Scientists have built a reactor that could one day lead to the efficient production of fuel from sunlight. With solar energy having long been the potential savior for our dwindling energy resources, the fact that it cannot be transported from place to place has thwarted its widespread use. Now, however, a new process that demonstrates how solar-driven thermochemical approaches can be technologically viable may bring that ideal a little closer.
 
A research team led by Professor Sossina Haile, a professor at Steele Laboratories, California Institute of Technology (Caltech), has developed a prototype reactor with a quartz window and a special cavity able to absorb concentrated sunlight through a type of magnifying glass to focus the sun's rays.
 
The study, a joint effort between Caltech and ETH Zurich and published in Science [Chueh et al.
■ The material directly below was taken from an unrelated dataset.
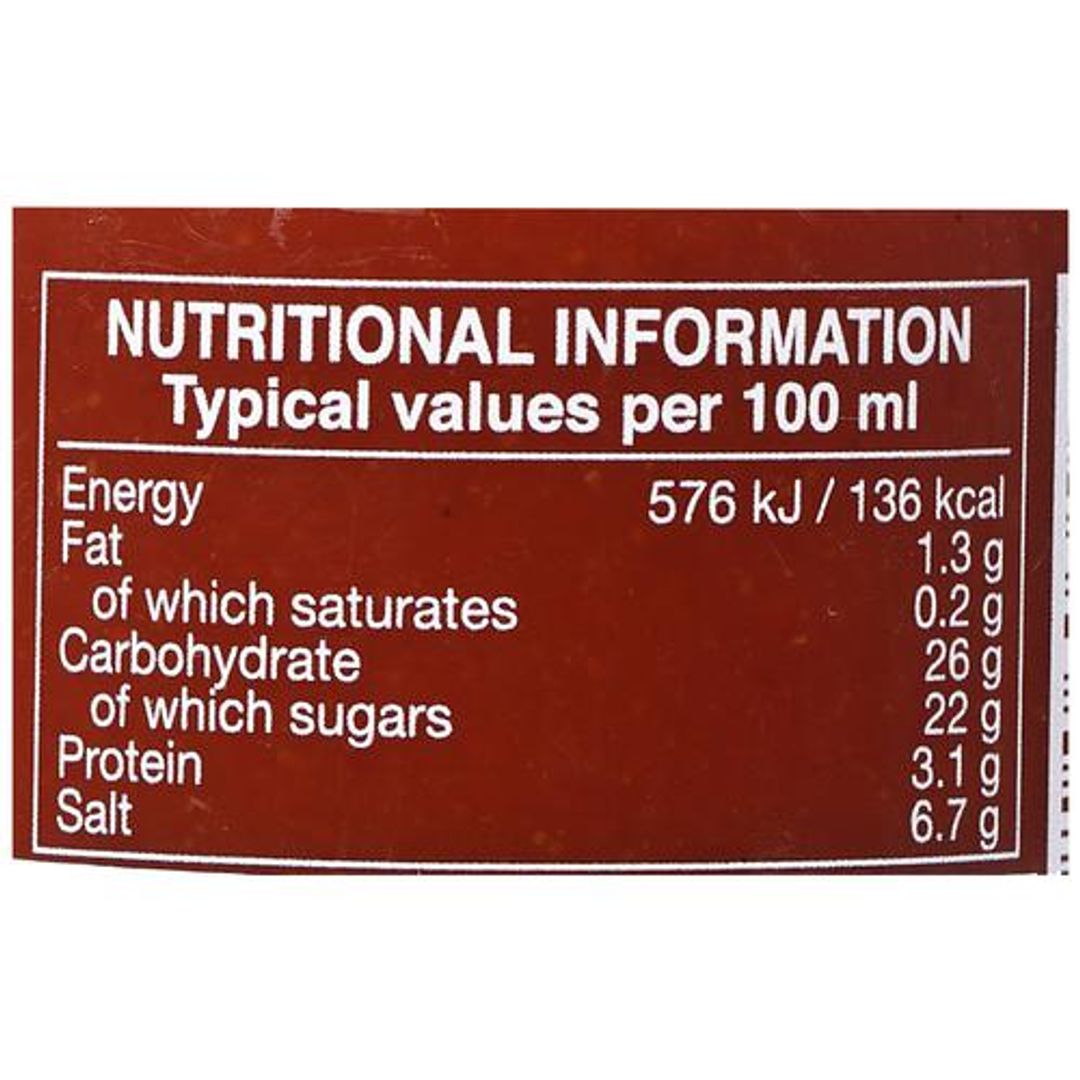 Chilli 61%, Sugar, Garlic, Salt, Water, Acidity Regulator: E260, E330; Flavour Enhancer: E621, Tomato paste, Stabiliser: E415, Onion, Spices, Preservative: E202.

Science (2010) doi: 10.1126/science.1197834], uses ceria as a key ingredient for concentrating solar energy and using it to efficiently convert carbon dioxide and water into fuels. Ceria, an oxide of the most common of the rare earth metals cerium, is used in ceramics, stone and glass polishing, and in the walls of self-cleaning ovens. As ceria can ‘exhale’ oxygen from its crystalline framework at very high temperatures and then ‘inhale’ oxygen back in at lower temperatures, it is ideal to drive the solar-powered reactions.
 
Dr Haile points out that “What is special about the material is that it doesn't release all of the oxygen. That helps to leave the framework of the material intact as oxygen leaves. When we cool it back down, the material's thermodynamically preferred state is to pull oxygen back into the structure.”
 
The inhaled oxygen is stripped off of carbon dioxide and/or water gas molecules pumped into the reactor, which produces carbon monoxide and/or hydrogen gas, with the latter able to be used for fuelling hydrogen fuel cells. The carbon monoxide, when combined with the hydrogen gas, can also be used to create synthetic gas, the precursor to liquid hydrocarbon fuels. Once the ceria is oxygenated to full capacity, it can then be re-heated, beginning the cycle again.
 
In order to achieve this effect, the reactor’s temperature must reach almost 3000 oF. The researchers were able to use photons for this at the Paul Scherrer Institute in Switzerland, where the reactor was installed on a large solar simulator capable of delivering the heat required.
 
The research could lead to its adoption for large-scale energy plants, bringing the possibility of solar-derived power being available at any time of day or night. Another potential application is using the carbon dioxide emissions from coal-powered electric plants for conversion into transportation fuels. However, the reactor design and materials will need to undergo further improvement to allow this approach to be commercially viable.